Work Halted at Brooklyn Bridge Park’s Pier 1 Over Height Questions

Pier 1 development, project in question on the rightPier 1 development, project in question on the right, image from Brooklyn Bridge Park

Early in Bloomberg’s term as mayor, a deal was struck to give Brooklyn Heights a new park. Rather than fund it out of the general budget – which might have been seen as unfair to neighborhoods in the city without as much investment and wealth – the plan was to build housing on the edge of the park, which would then pay for the waterfront greensward (whose land the Port Authority was planning to sell to private developers anyway) without diverting funds from projects in other more deserving neighborhoods.

That logic has been forgotten by many, who decry the construction of housing on the edge of what has become Brooklyn Bridge Park. And now they are doing what they can to halt the projects, which luckily is not much, given de Blasio’s support for the plan.

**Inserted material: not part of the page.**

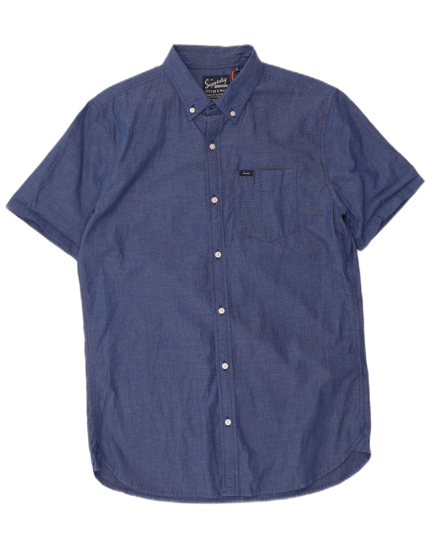 Superdry Herren-Kurzarmhemd, Größe S, Blau, Baumwolle
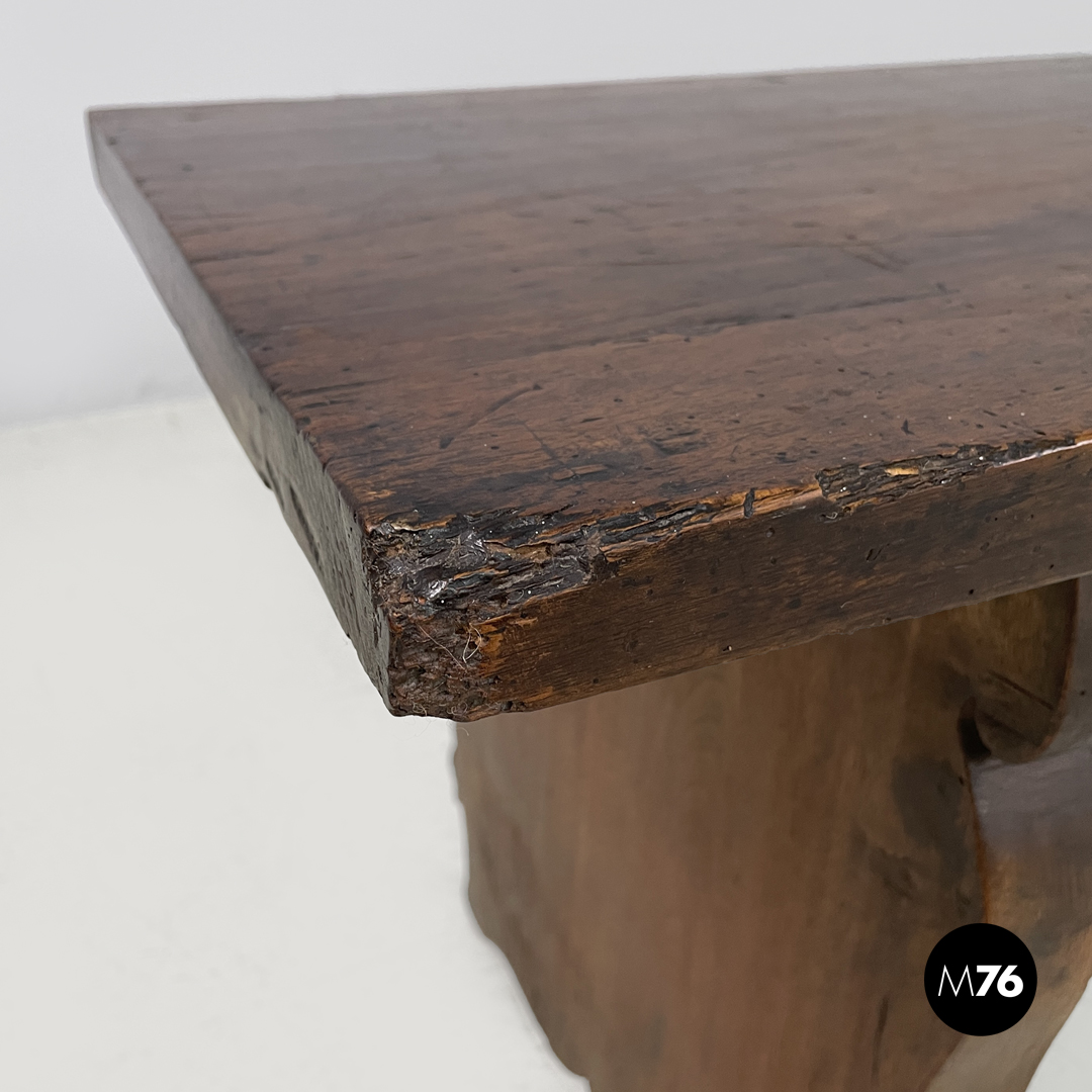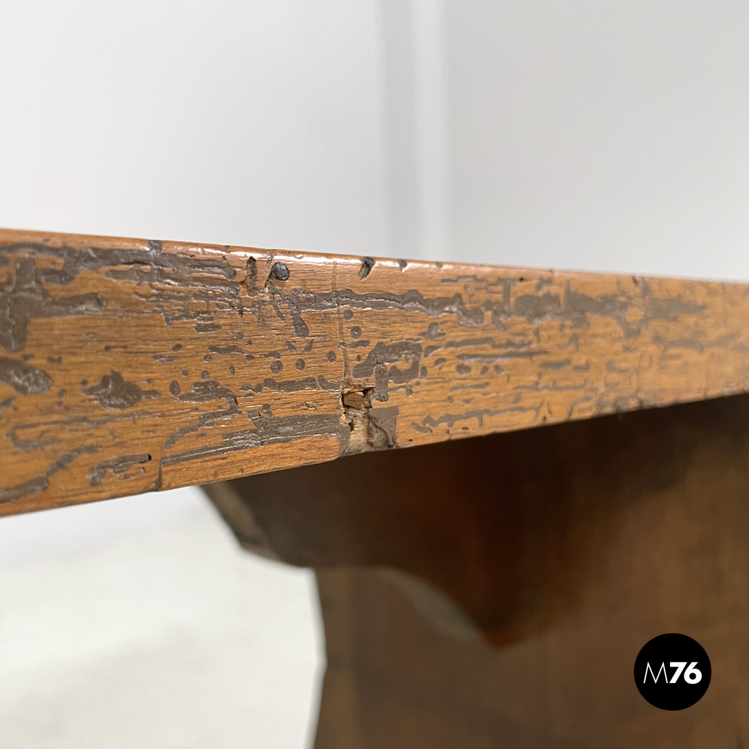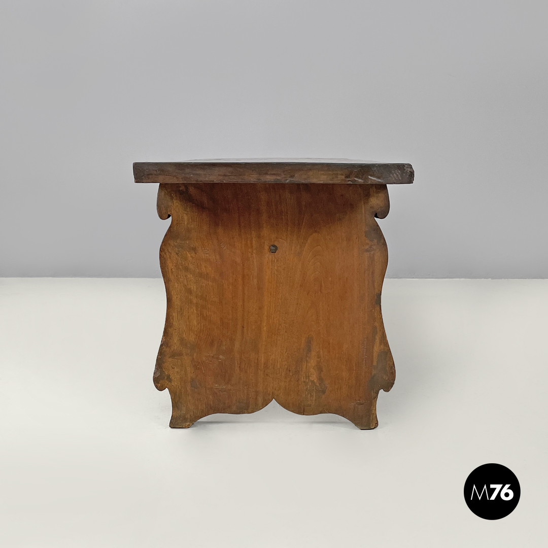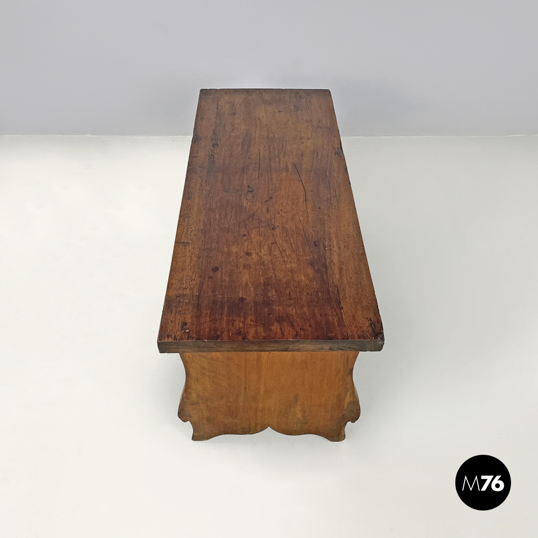 Panca in legno con piano rettangolare. Le due gambe hai lati hanno la stessa profondità della seduta, ed hanno i profili decorati con linee curve.

Among other points, opponents have opined against the minuscule bump in the height and placement of mechanicals on the roof of the northern building (which recently topped out), designed by Marvel Architects. The southern building, on the other hand, will stand 55 feet tall, the result of a very minor 3.55-foot height increase.

But now, at the request of Brooklyn Bridge Park, the developer of the southern building on Pier 1 – a joint venture between Starwood Capital and Toll Brothers City Living – is looking to the city’s Department of Buildings to confirm that the height change is in compliance with the Brooklyn Heights Scenic View District, which limits the height of buildings between the Brooklyn Heights Promenade and the waterfront to protect the views of the Lower Manhattan skyline, Governors Island, the Statue of Liberty and the Brooklyn Bridge.

To that end, the DOB has issued a partial stop work order on the southern building (halting work on and above the second floor slab), which lies within the protected view plan, while the developer checks with the department to make sure the plans comply with the scenic view zoning.

“Minor adjustments such as the alteration of bulkheads or parapets are among the type of alterations that may be necessary to bring the structure into full compliance,” according to a Brooklyn Bridge Park official.

“We take our responsibility to protect the Scenic View District very seriously,” Regina Myer, president of Brooklyn Bridge Park, told YIMBY, “and we will take aggressive action against any encroachment on the protected view plane.”

A DOB decision will hopefully be coming shortly, so that work can resume on bringing more apartments to this desperately supply-constrained city.